Your assignment →
Copy out exactly the lines from the one containing "Update އަށް ފިތާލާ" to the last line of the records below, both included, and leave out any pictures.

Data extract →
Start of Block

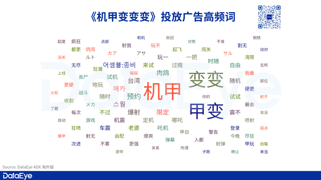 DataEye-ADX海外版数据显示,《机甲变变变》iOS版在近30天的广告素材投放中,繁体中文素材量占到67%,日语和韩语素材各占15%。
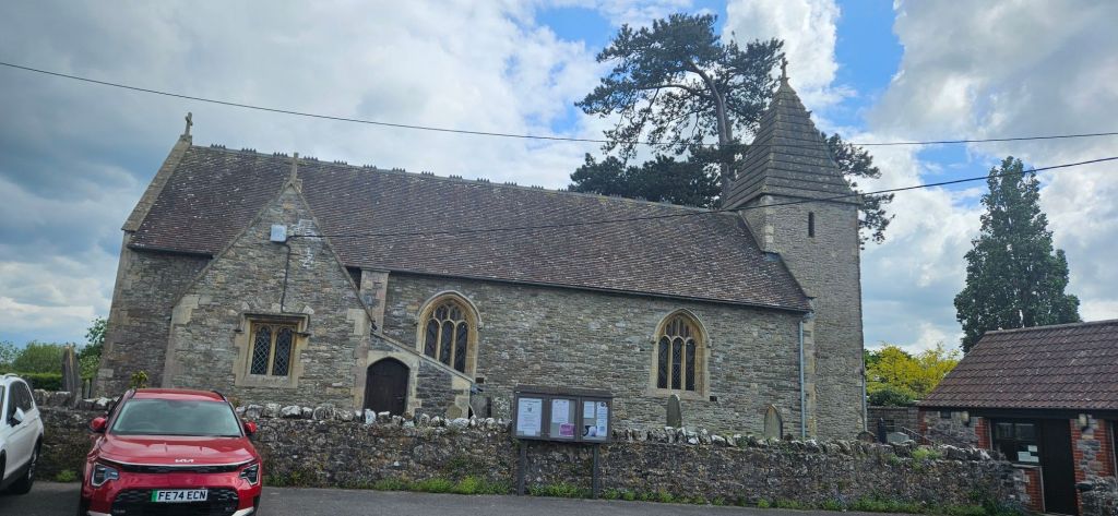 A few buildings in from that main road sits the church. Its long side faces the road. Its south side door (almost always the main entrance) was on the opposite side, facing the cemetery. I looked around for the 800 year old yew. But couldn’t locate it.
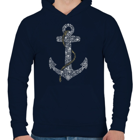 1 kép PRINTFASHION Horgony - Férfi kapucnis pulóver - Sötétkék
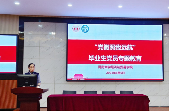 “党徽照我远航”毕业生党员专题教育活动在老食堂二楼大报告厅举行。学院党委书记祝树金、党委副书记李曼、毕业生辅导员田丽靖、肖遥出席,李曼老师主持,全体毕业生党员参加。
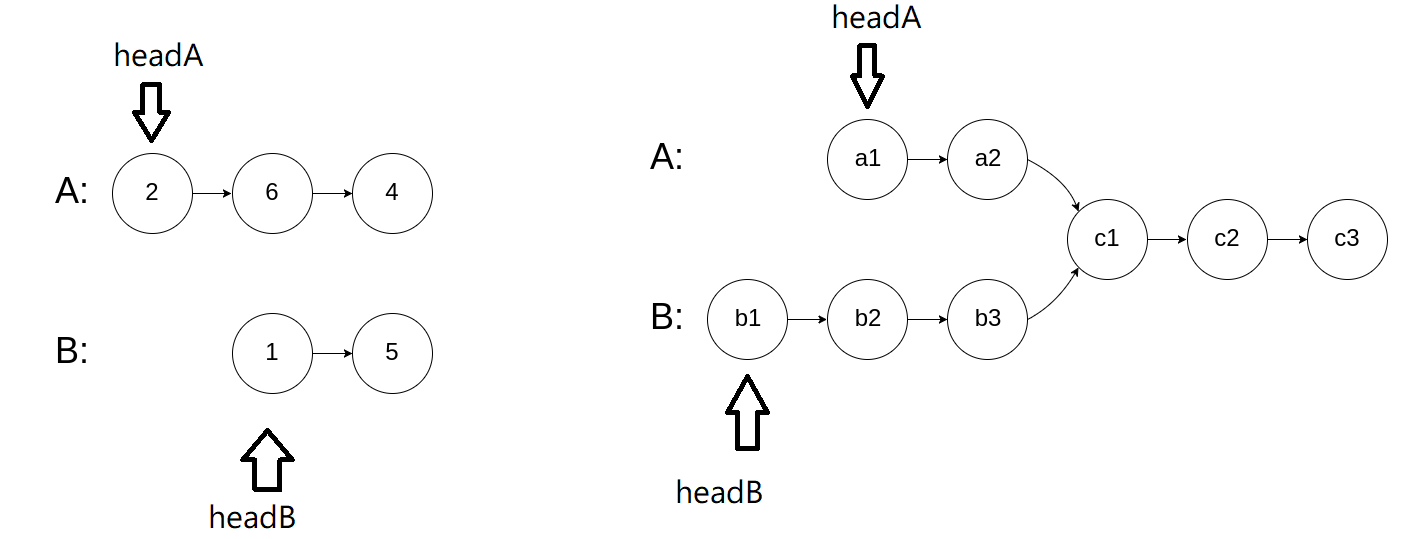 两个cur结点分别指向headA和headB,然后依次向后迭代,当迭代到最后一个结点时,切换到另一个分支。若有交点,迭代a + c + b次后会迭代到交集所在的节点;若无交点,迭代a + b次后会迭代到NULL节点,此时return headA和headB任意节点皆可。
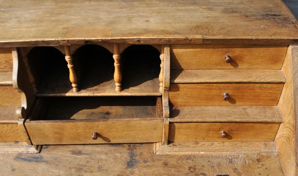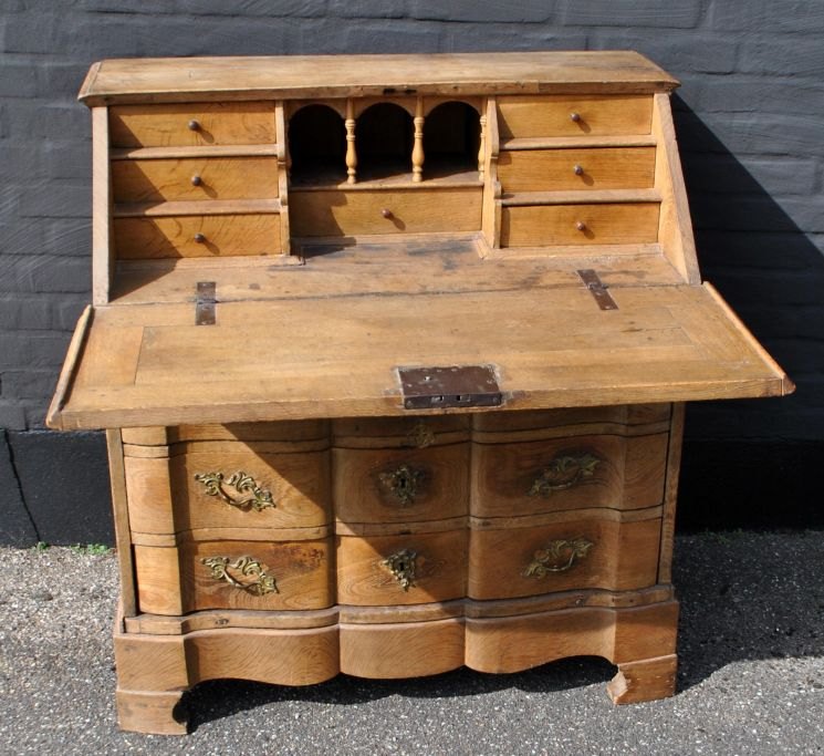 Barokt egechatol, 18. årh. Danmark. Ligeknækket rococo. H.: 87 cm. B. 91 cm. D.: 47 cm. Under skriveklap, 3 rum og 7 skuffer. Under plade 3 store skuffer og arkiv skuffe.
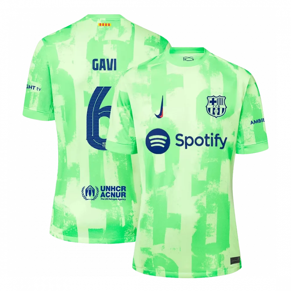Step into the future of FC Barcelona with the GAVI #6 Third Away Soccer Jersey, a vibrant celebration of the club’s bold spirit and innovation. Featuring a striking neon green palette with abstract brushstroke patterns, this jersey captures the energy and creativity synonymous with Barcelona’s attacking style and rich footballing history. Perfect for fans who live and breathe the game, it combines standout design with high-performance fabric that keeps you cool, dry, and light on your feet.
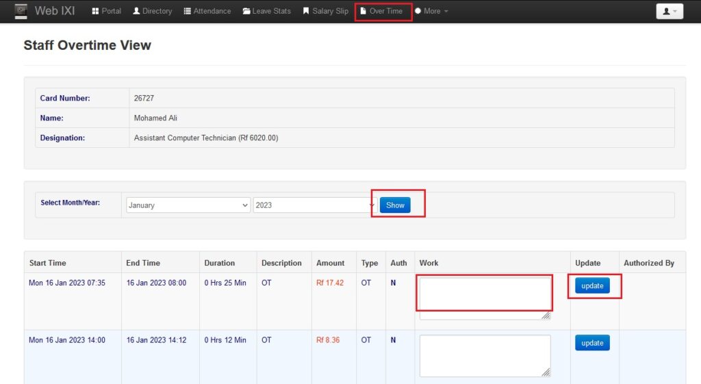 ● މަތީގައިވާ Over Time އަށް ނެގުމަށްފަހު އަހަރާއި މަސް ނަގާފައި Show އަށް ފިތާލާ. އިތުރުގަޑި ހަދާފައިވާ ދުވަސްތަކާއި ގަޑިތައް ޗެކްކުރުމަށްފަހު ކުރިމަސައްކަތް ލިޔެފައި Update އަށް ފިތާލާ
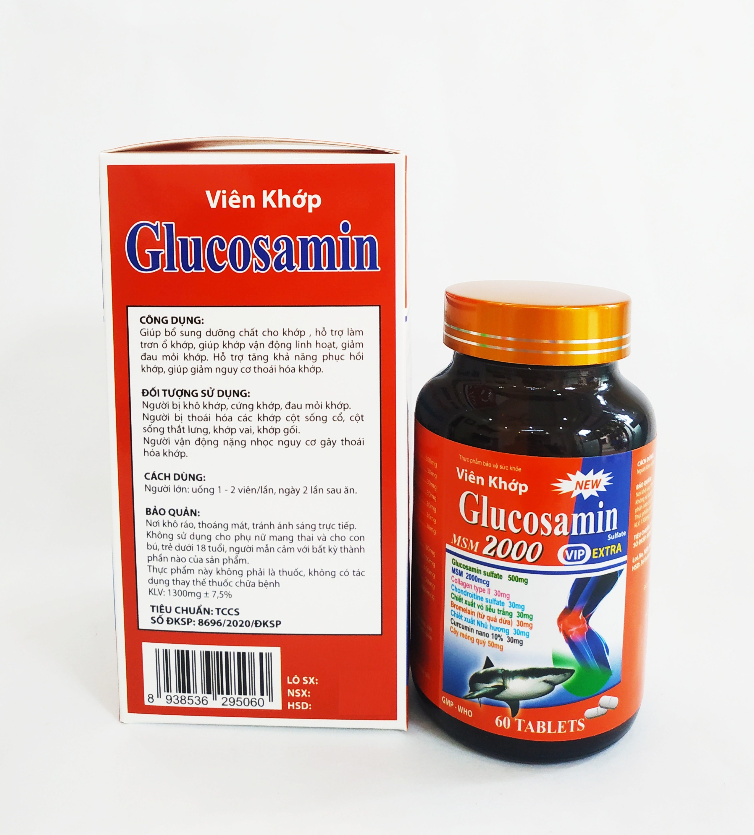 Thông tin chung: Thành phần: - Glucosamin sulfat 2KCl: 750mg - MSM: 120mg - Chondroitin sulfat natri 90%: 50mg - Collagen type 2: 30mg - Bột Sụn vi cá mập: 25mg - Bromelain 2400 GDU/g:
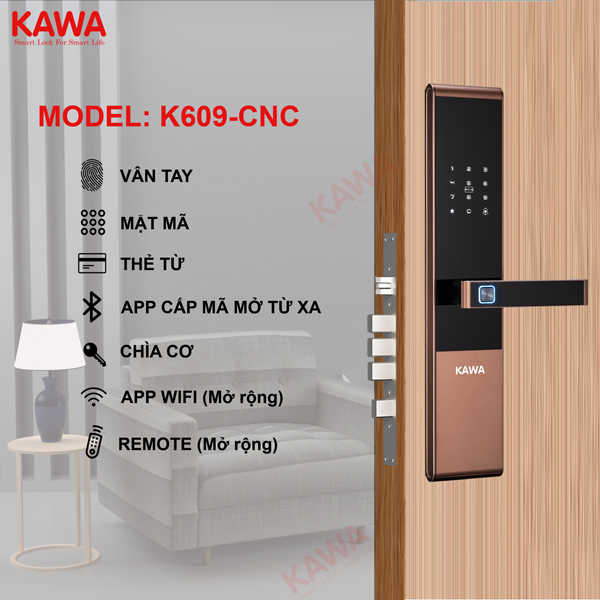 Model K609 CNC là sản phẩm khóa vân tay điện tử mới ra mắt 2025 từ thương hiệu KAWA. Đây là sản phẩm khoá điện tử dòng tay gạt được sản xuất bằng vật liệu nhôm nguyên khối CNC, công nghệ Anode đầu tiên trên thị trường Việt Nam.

End of Block

Expected answer →
 ● މަތީގައިވާ Over Time އަށް ނެގުމަށްފަހު އަހަރާއި މަސް ނަގާފައި Show އަށް ފިތާލާ. އިތުރުގަޑި ހަދާފައިވާ ދުވަސްތަކާއި ގަޑިތައް ޗެކްކުރުމަށްފަހު ކުރިމަސައްކަތް ލިޔެފައި Update އަށް ފިތާލާ
 Thông tin chung: Thành phần: - Glucosamin sulfat 2KCl: 750mg - MSM: 120mg - Chondroitin sulfat natri 90%: 50mg - Collagen type 2: 30mg - Bột Sụn vi cá mập: 25mg - Bromelain 2400 GDU/g:
 Model K609 CNC là sản phẩm khóa vân tay điện tử mới ra mắt 2025 từ thương hiệu KAWA. Đây là sản phẩm khoá điện tử dòng tay gạt được sản xuất bằng vật liệu nhôm nguyên khối CNC, công nghệ Anode đầu tiên trên thị trường Việt Nam.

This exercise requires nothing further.